In doing so, we have the key elements of the original novel, though changed and turned upside down only to be brought right side up again. The story ends in a chase scene to kill Dracula before Mina is turned forever into a vampire. And only through the actions of both Arthur and Van Helsing can we finally reach victory over the bloodsucker.
A few significant misses: unfaithful to the letter, but true to the spirit
Of course, this method has its drawbacks, and some characters suffer heavily for it:
First of all: we get no Mina. There’s a character called Mina, but she’s an entirely different character, with none of the purity, attentiveness, strength of character and sheer brains of the original. It’s a tragic misstep, though explainable by the structure of the story, and I wish they could have given her an actual role, instead of being yet another of Dracula’s victims, there to be rescued by the other characters.

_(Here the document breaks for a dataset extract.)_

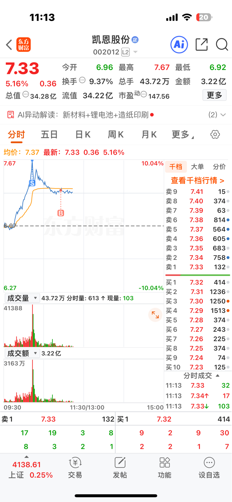 $凯恩股份(SZ002012)$ 上班挂涨停直接被吃了,休息抽根烟又看到了 继续格局,看好凯恩,爱你凯恩大帝
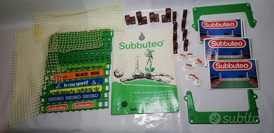 Vendo accessori subbuteo anni 80 :campo da gioco in tessuto in buone condizioni, 6 bandierine lati campo, 8 giunti per recinzione laterale e 4 per angoli, 18 pezzi recinzione, 2 reti e 2 basi porte. Inoltre libretto e poster multilingue regole di gioco originale dell'epoca. In omaggio campo da gioco in tessuto un po' usurato ma ancora impiegabile

And sadly, as mentioned before, female characters are all immediately under Dracula’s spell, making them incapable of helping Van Helsing and Arthur, as they are willing accomplices of the vampire.
In the same idea, Van Helsing still has to do most of the work: unlike the novel, which is a clear example of team-effort defeating impossible odds, this movie pretty much puts Van Helsing on a pedestal. Not an undue position, mind you, but one which takes the story further away from the original.
And yet, as far as themes, visuals, and overall plot are concerned, Hammer’s Dracula remains faithful to Stoker’s work: if not to the letter, then to its spirit.